I was able to swing close enough for Pat to grab me and secure me to the bolt. We’re taught not to move people with possible spinal cord issues, and Pat could have waited with me for rescuers to arrive, or he could have left me attached to the bolt while he rappelled to the ground. But Pat made the decision to get me to the ground as quickly as reasonably possible. My head injury looked very serious, and it appeared that I might have significant internal injuries. He thought my total condition required getting treatment ASAP.

Pat rigged a chest harness and got me into a tolerably comfortable position to be lowered. Once I was on the ground, he fixed the rope to the bolt, and rappelled. I recall increasing consciousness and pain. Some guy in the area gave me warm clothes and encouragement. The Rocky Mountain Rescue Group appeared in about 45 minutes, as dusk settled in.

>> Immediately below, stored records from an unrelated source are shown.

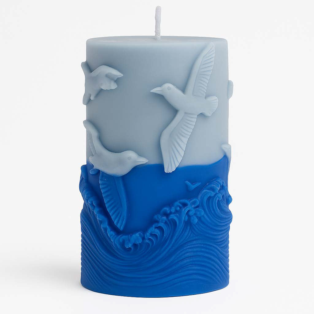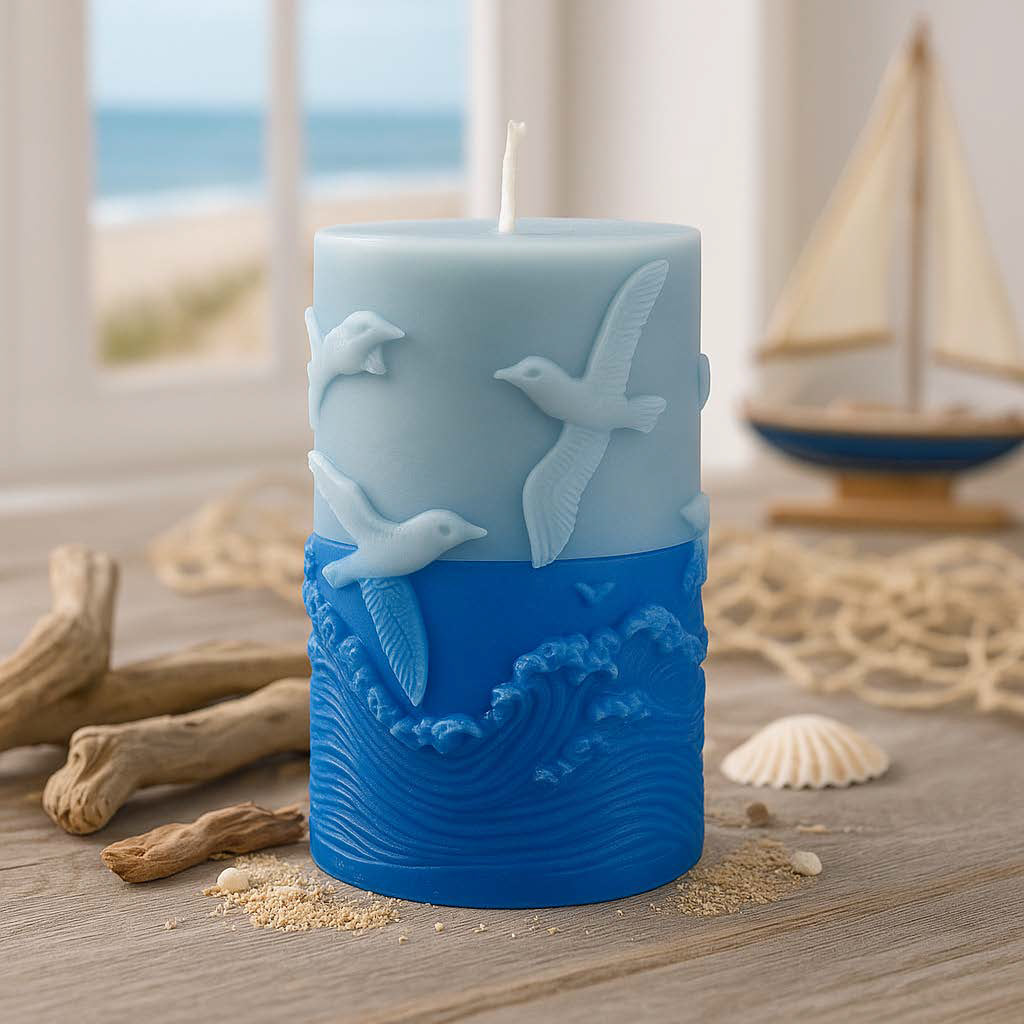 Diese maritime Kerze bringt den Zauber des Meeres direkt zu Ihnen nach Hause. Das detailreiche Relief zeigt Möwen, die über plastisch gestaltete Wellen fliegen – ein besonderes Design, das Urlaubsgefühle weckt und für eine außergewöhnliche Tisch- oder Raumdekoration sorgt.
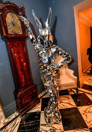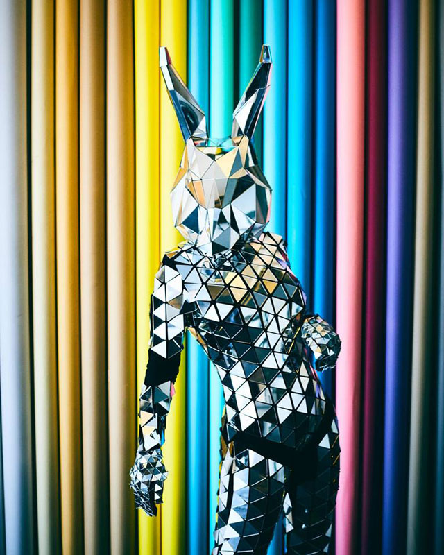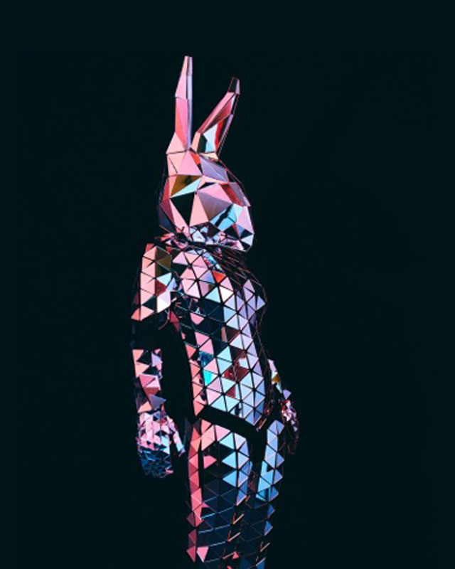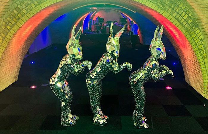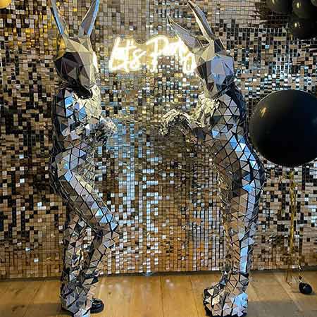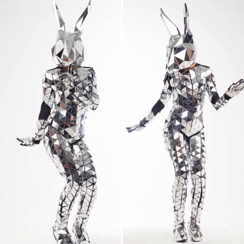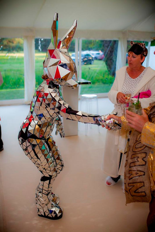 Dressed head to toe in sparkling fragments of mirror, our stunning lady bunny walkabout is sure to turn heads. A highly visual and eye-catching costume, our bunny walkabout’s exceptional reflective outfit will catch the light and throw glittering illuminations across your venue.
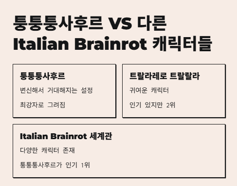 퉁퉁퉁사후르는 Italian Brainrot 세계관에서도 최강자로 그려져요. "트랄라레로 트랄랄라" 같은 다른 캐릭터도 귀엽지만, 아무래도 퉁퉁퉁사후르가 변신해서 거대해지는 설정 때문에 인기가 폭발하는 듯.
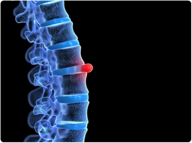 Disc herniation occurs when the annulus fibrous breaks open or cracks, allowing the nucleus pulposus to escape. The intervertebral discs between relatively flexible lumbar vertebrae are particularly vulnerable to prolapse, as this region of the spine bears much of the body’s weight and supports a fairly wide range of motion.
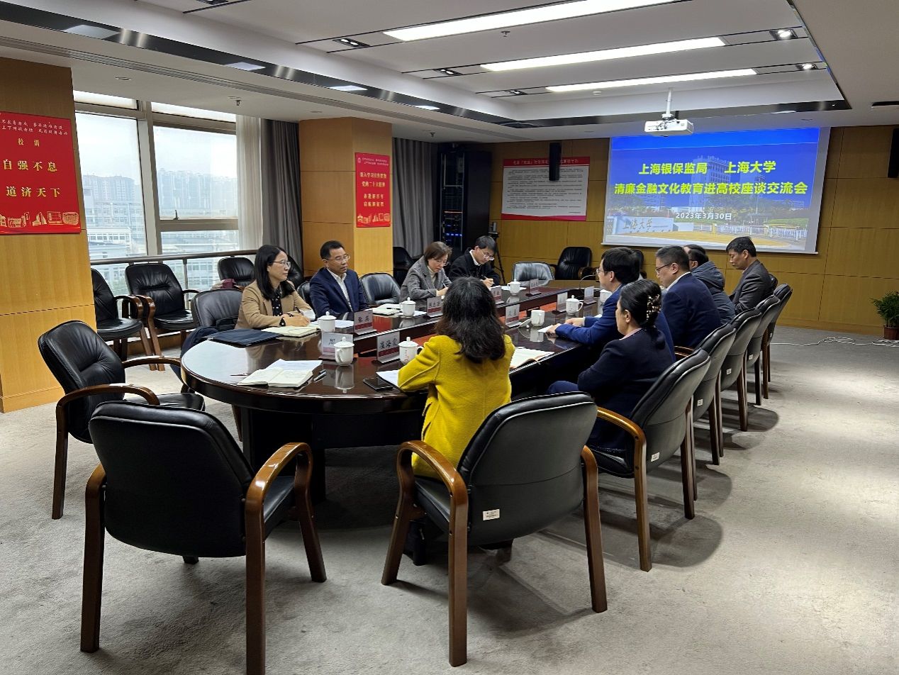 3月30日上午,为推进上海银行业保险业与高校合作共建“清廉金融教育基地”,上海银保监局党委委员、纪委书记陈志法,上海市银保监局纪委办主任贾敏,上海市银保监局纪委办四级调研员张英等一行调研金沙集团1862cc成色并座谈交流。 校党委副书记、纪委书记、市监委派驻金沙集团1862cc成色监察专员段勇,校纪委副书记滕 云,校巡察办常务副主任崔海霞,经济学院党委书记孟添,党委副书记、副院长、纪检员冯玉鑫,副院长刘康兵、周思出席座谈会。座谈会由金沙集团1862cc成色经济学院党委书记孟添主持。
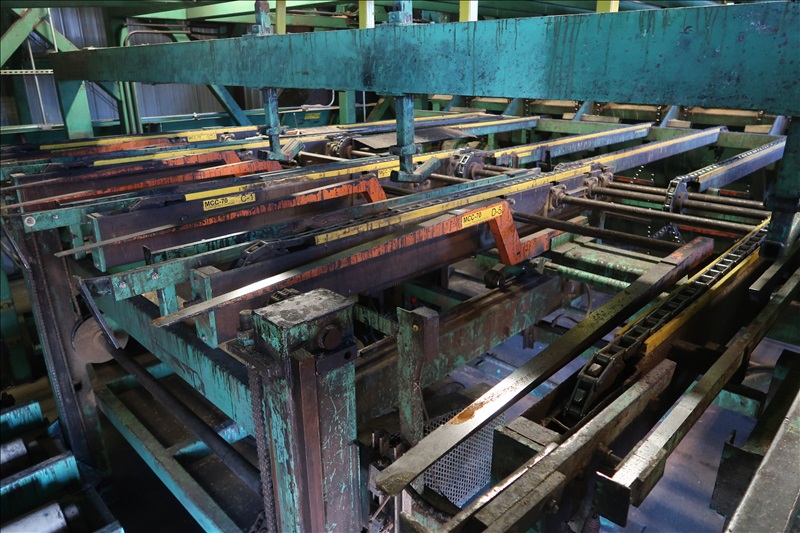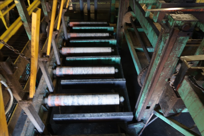20' RH MECHANICAL SAWMILL STACKER W/60" 6-ARM LOWERING HOIST, (7) LUMBER PLACING ARMS, APPROX. 20' 2-SECTION 5-STRAND INFEED TRANSFER, APPROX. 60"X50' OUTFEED ROLLCASE W/APPROX. 20' 5-STRAND H78 JUMP TRANSFER, (2) SKK GEARHEAD MOTORS
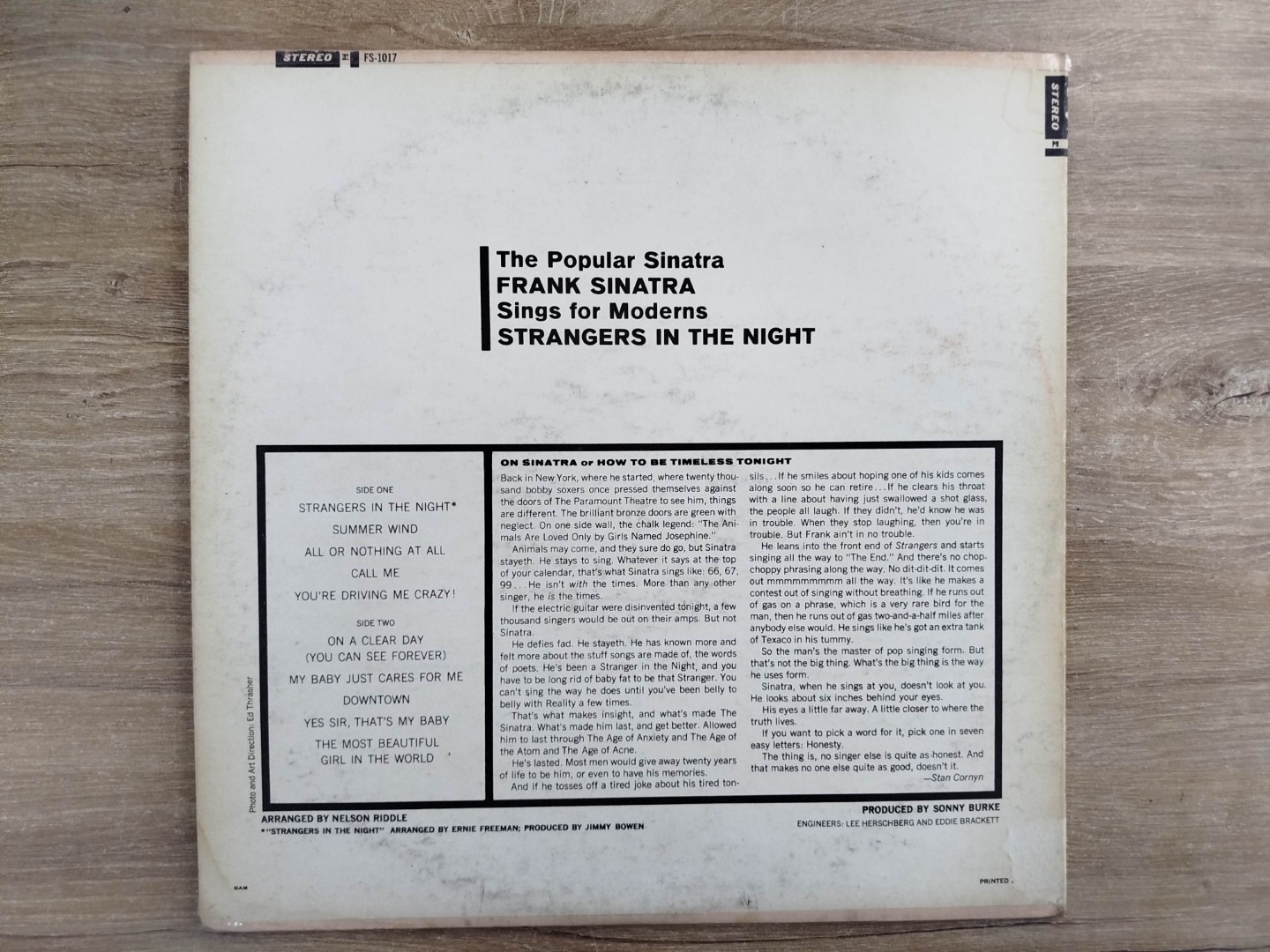 „Strangers In The Night“ (1966) არის ფრენკ სინატრას ერთ-ერთი ყველაზე ცნობილი და წარმატებული ალბომი, ჩაწერილი პოპისა და ჯაზ-პოპის სტილში და გამოშვებული Reprise Records-ზე. ალბომმა სინატრას კარიერაში ახალი კომერციული პიკი მოიტანა, ხოლო სათაურის სიმღერა მისი ერთ-ერთი ყველაზე ამოსაცნობი ჰიტი გახდა.
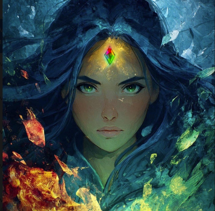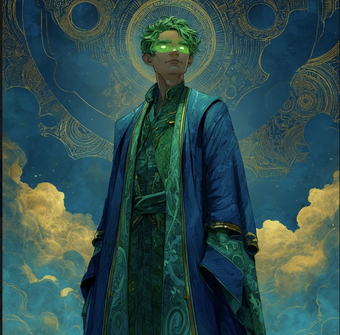 Над принцем Дуэ витала призрачная фигура - молодой мужчина в сине-зеленой мантии с горящими зеленым пламенем глазами. Приятным и мягким зеленым...
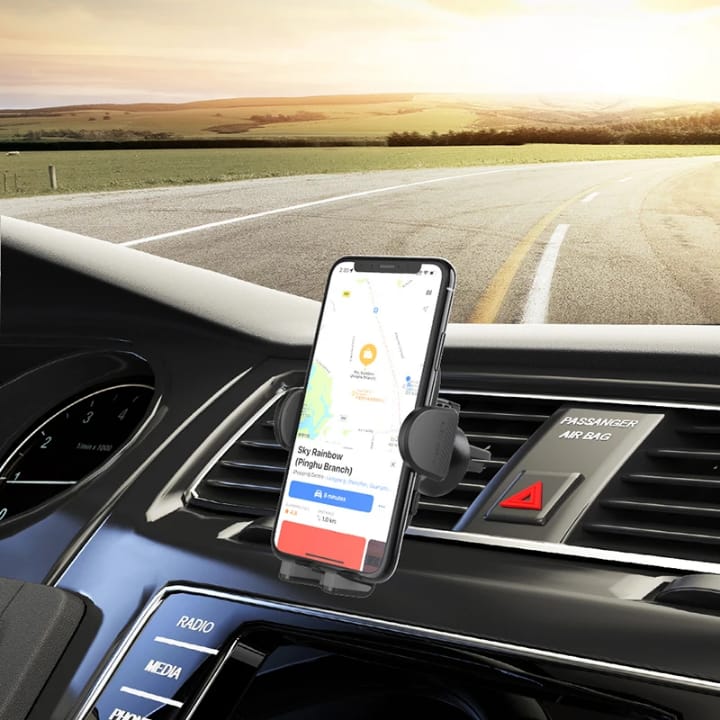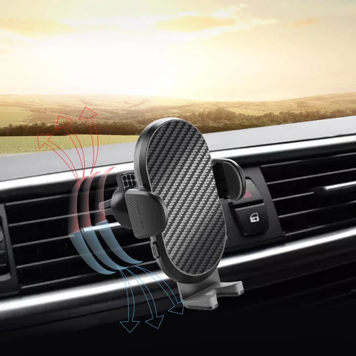 حامل جوال مع شحن لاسلكي بتصميم أنيق لفتحة التهوية! 🌬️ يوفر تثبيتًا آمنًا ومريحًا لهاتفك، مع سهولة وضعه وإزالته. استمتع بتجربة قيادة مريحة ورؤية واضحة لشاشتك.

I’m not the best person to give an account of the rescue—I got a lovely view of the sky as it turned from gray to black, and of the often sweat-drenched faces of the many hardworking rescuers who rotated turns carrying and lowering the litter. Eventually we made it to an ambulance and then to Boulder Community Hospital. It looks like I will make a good recovery.

Analysis

I was not wearing my helmet. The helmet-averse who read this can learn from my mistake. Consider that I lost consciousness from impact—always serious—and that it easily could have been worse. A helmet also may have allowed me to participate more actively in the rescue and help Pat evaluate whether immediate lowering was the right action. Risk-taking in partnered rope climbing affects both climbers. There is a saying: You don’t have to wear a helmet, but I don’t have to belay you either.

Every accident may suggest various preventive measures, from the overly general ("Don’t rock climb") to the overly specific ("Don’t climb the second pitch of Friday's Folly"). I’m still processing this one, but my main advice is to be super-careful with loose rock and ultra-careful when your protection interacts with loose rock.